Author: Zmuda J, Friedenson B.
Journal: J Immunol; 1983 Jan; 130(1):362-4. PubMed ID: 6847887.
Abstract:
Certain low m.w. thiol compounds can enhance various in vitro lymphocyte mitogenic responses, whereas reagents that react with sulfhydryl groups are potent cell poisons. The possible targets for thiols and thiol reagents could include membrane and cytoplasmic proteins, some of which may regulate lymphocyte proliferation. As a step toward understanding how lymphocyte proliferation is enhanced in the presence of thiols, we studied the appearance of both protein and non-protein sulfhydryl groups in stimulated lymphocytes. To help clarify the role of the cellular targets for thiols, we studied the time course of appearance of both protein and non-protein sulfhydryl groups as lymphocytes proliferate under various conditions. In the presence of an appropriate concentration of the thiol 2-mercaptoethanol (2-ME), there is a substantial rise in the level of intracellular glutathione for lymphocytes stimulated with the mitogen concanavalin A (Con A). Otherwise, the level of intracellular glutathione declines, even for Con A-stimulated cells, but the presence of 2-ME partially prevents this decline.
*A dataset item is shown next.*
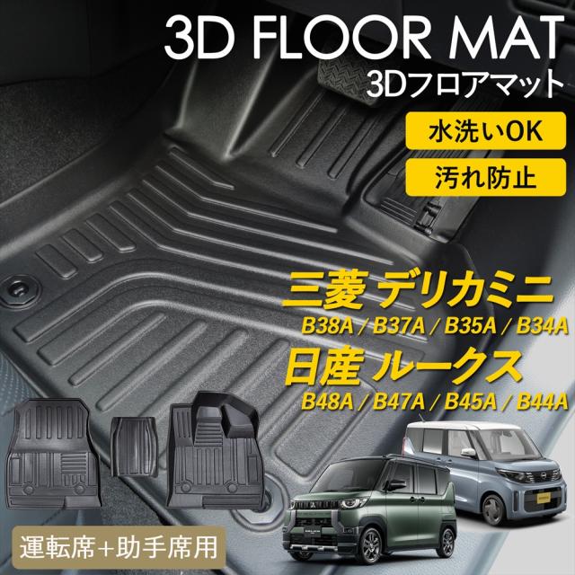 デリカミニ 30系 ルークス 40系 3D フロアマット ラグ マット 3Dマット 運転席 助手席 防水 防汚 汚れ防止 車種専用設計 ピッタリフィット お手入れ簡単 丸洗い 置くだけ 立体 カーマット 三菱 日産 ニッサン カー用品 B34A B35A B37A B38A B44A B45A B47A B48A

Increasing the amount of cysteine in the medium to a level that enhances cell proliferation leads to effects similar to those obtained with 2-ME. Thus, apparently one effect of various thiol reducing agents is to enhance the production of glutathione in lymphocyte mitogenesis and to protect against the loss of glutathione that occurs in resting or proliferating lymphocytes.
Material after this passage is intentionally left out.